Cheap Pound Expensive Coffee

Who would have thought that one of the immediate effects of Britain voting to leave the European Union would be a pricier cup of coffee? Bloomberg reports that a plummeting British Pound has made a cup of Java more expensive in Great Britain.

U.K. coffee drinkers should brace to pay more for their morning fix as domestic roasters start to pass on increased import costs after Britain’s Brexit vote.

London’s small-scale producers, who help supply the capital’s taste for a quality roast, are facing a steep rise in the price of coffee beans after the pound slumped to the lowest in 30 years against the dollar. As with most imported commodities, U.K. roasters pay for the raw product in U.S. currency, and the foreign-exchange reaction to Britain’s vote to leave the European Union has jolted the market.

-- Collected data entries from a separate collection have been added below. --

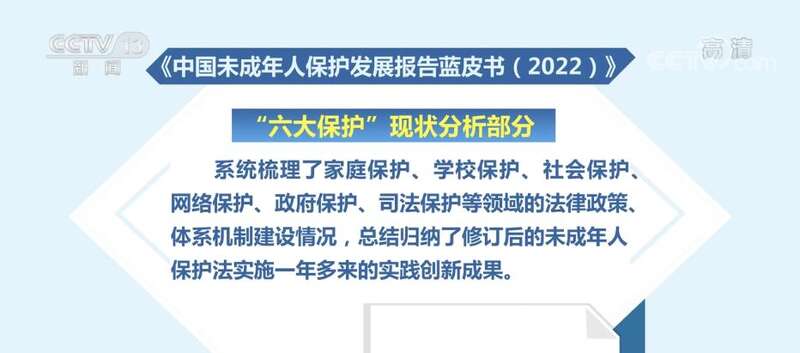 《中国未成年人保护发展报告蓝皮书(2022)》共计43万字,分为总报告、“六大保护”现状分析和专题报告三个部分。其中,“六大保护”现状分析部分系统梳理了家庭保护、学校保护、社会保护、网络保护、政府保护、司法保护等领域的法律政策、体系机制建设情况,总结归纳了修订后的未成年人保护法实施一年多来的实践创新成果。
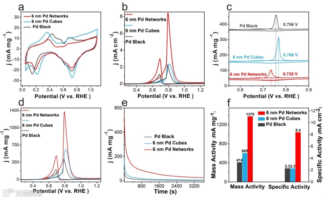 具有高密度平面缺陷的钯金属网在碱性电解质中用于甲醇氧化反应(MOR)的电催化剂,面积活性达8.4 mA cm-2,比孤立的钯纳米立方体(2.3 mA cm-2)高3.7倍。证明通过焊接形成的高密度平面缺陷钯金属纳米网有更高的催化活性。
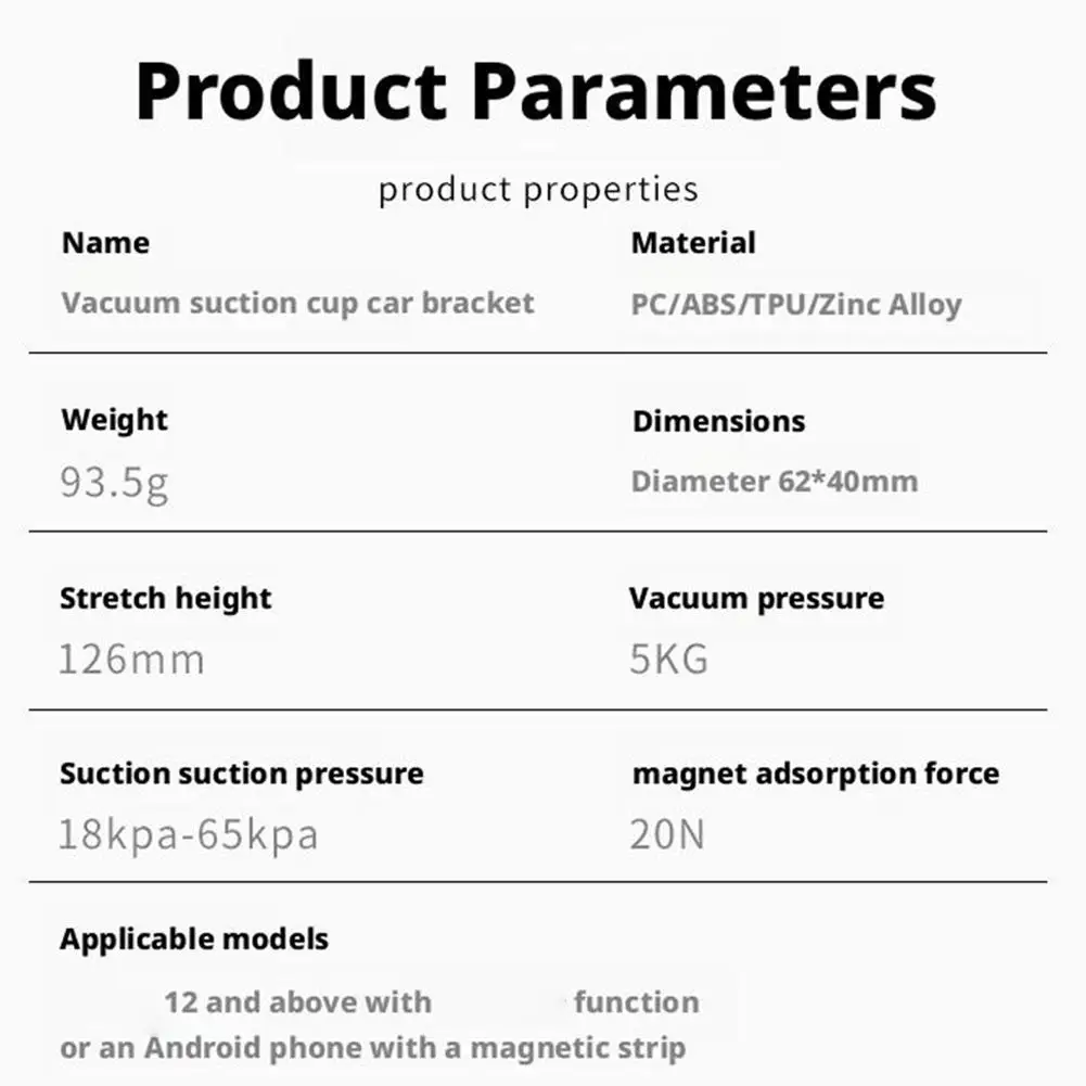 Sucção a vácuo: A ventosa inferior pode aderir firmemente ao para-brisa ou outras superfícies lisas do carro através do princípio da sucção a vácuo, garantindo que ele não caia durante a condução.

Not only is the British pound worth twenty cents less than it was a year ago but coffee has gone up 20% during the same time frame. And as we noted in our article Americans Are Drinking More Coffee, coffee may go a lot higher.

Over the decades the price of coffee has risen above $3 a pound and fallen as low as 50 cents a pound. Speculators such as readers of Seeking Alpha are anticipating as high as $3 a pound as stock piles fall and Americans as well as everyone else drink more coffee.

Coffee may go up in price for everyone but the cheap pound due to the Brexit vote will mean more expensive coffee in Britain than in the USA.

Tea Anyone?

You may be thinking that the Brits drink tea so what is the big deal about coffee. However, there are seven Starbucks in downtown London alone. And for that matter the Brits used to drink coffee when Ceylon (now Sri Lanka) was a coffee producer. That was in the days before coffee leaf rust. In our article, Is Coffee Leaf Rust Due to Climate Change we mentioned the start of this fungal disease.

Coffee leaf rust is a fungal disease. It wiped out coffee plantations in Asia in the middle of the 19 th century. The country of Ceylon (Sri Lanka) was a coffee producer before the leaf rust drove planters to grow tea! The disease spread from the East Indies to South Asia and Africa and eventually arrived in the new world, almost a century later around 1970. Today coffee leaf rust threatens the livelihoods of coffee growers and workers throughout Central America.

When their colonies switched from growing coffee to producing tea the British public drank what showed up on the boat from Asia. Today Britain drinks a fair amount of coffee. The cheap pound expensive coffee dilemma will not necessarily drive more Brits back to tea because tea is also imported so its price in pounds went up also!

How about Organic Coffee?

If the Brits are hurting over the higher price of regular coffee they will feel deeper pain as the prices of shade grown and organic coffee rise even higher. One can only hope that the British pound regains ground and that coffee does prices do not reach the stratosphere.